Qualche volta lo coglieva la malinconia, e l’ho visto asciugare poche lacrime silenziose nel fazzoletto di stoffa: ognuna portava un aneddoto sulla sua cara Pinuccia.
Ma molto più spesso era gioviale, chiacchierone.
Chiacchierone? Nipoti e bisnipoti, siamo stati tutti sorpresi quando abbiamo scoperto che ancora parlava fluentemente francese, lingua che aveva imparato durante la guerra. Ci credete che aiutava le nipotine con i compiti a casa di grammatica francese?
E certamente non era istruito, avendo frequentato la scuola solo per pochi anni. Eppure mio padre ancora ricorda che ad ogni visita sorprendevano i nonni Vincenzo e Pinuccia a spulciare grosse e costose enciclopedie, spesso sparpagliate sul tavolo della cucina: fu la curiosità la loro maestra.
E se poi – ma solo dopo aver finito i compiti – gli avessi chiesto di raccontarti dei sommergibili da guerra, avrebbe preso il prezioso cofanetto delle medaglie e avrebbe descritto i lunghissimi stivali di gomma della squadra che coordinava come Capo Silurista.
Spiegava che il sommergibile era sempre pieno di almeno un metro d’acqua, per la condensa dei vapori dei macchinari e dei loro respiri, e che il rollio lo rendeva come un’enorme culla.
Raccontava che una volta, durante la Seconda Guerra Mondiale, erano stati colpiti da un aereo inglese. Il proiettile aveva letteralmente “bucato” il sommergibile, che quindi imbarcava acqua come da una fontana aperta. Secondo dopo secondo, litri e litri di acqua salata si univano a quelli della condensa.
Ma a metà di questo racconto avvincente sorrideva, spiazzando tutti. Spiegava che usarono lo spesso e solido manico di una ramazza – una scopa! – per tappare il buco e tornare al porto.
E a proposito di fughe bizzarre! Una volta furono addirittura colpiti da una bomba! La sentirono cadere sul ponte del sommergibile… E nient’altro. La bomba rimase miracolosamente inesplosa.
Tornarono lentamente e cautamente verso il porto di Taranto, sobbalzando ad ogni dondolio, non sapendo se e quando sarebbero stati sorpresi dall’esplosione –come sugli alberi le celebri foglie.
Dopo questo ricordo tutti, nipoti e bisnipoti, ridemmo della fortuna del bisnonno: se fosse perito in guerra nessuno di noi sarebbe mai nato.
Questi aneddoti suonano lontani, mitici, hanno quasi un sapore antico ed eroico.

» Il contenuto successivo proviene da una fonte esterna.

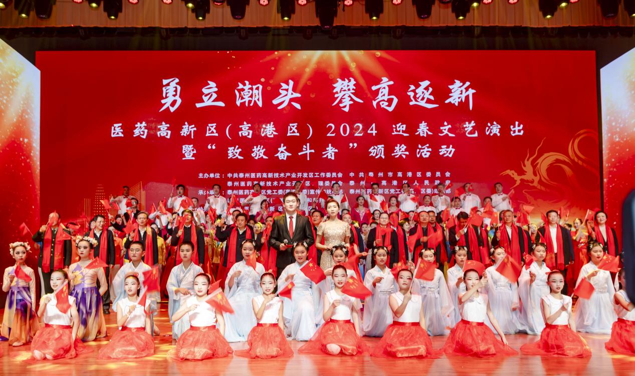 2月2日晚,泰州医药高新区(高港区)2024迎春文艺演出暨“致敬奋斗者”颁奖活动举办。泰州市副市长、医药高新区党工委书记、高港区委书记叶冬华,医药高新区党工委副书记、管委会主任,高港区委副书记、区长丁志强等区四套班子领导参加活动。

Ma proprio per questo quando erano mitigati dal suo sorriso, quando erano spezzati dalla comicità della scopa napoletana e soprattutto quando si intrecciavano con l’amore per la sua Pinuccia, acquistavano una nuova luce commovente e dolce.
In spiragli, dietro pochi e brevi racconti, si intuisce tutta la vita di un uomo – come il cielo oltre l’osteriggio di un sommergibile.
E a noi riesce facile intristirci.
Tutta una vita, con tutto quello che c’era dentro, è svanita: e come lei tutte le altre di tutti gli altri perduti. È una verità così naturale, pura e universale da diventare incomprensibile.
Solo la buona saggezza spicciola di un uomo centenario poteva afferrarla, per offrirla generosamente ad una bambina: “la vita è una ruota, ma prima o poi si deve fermare”.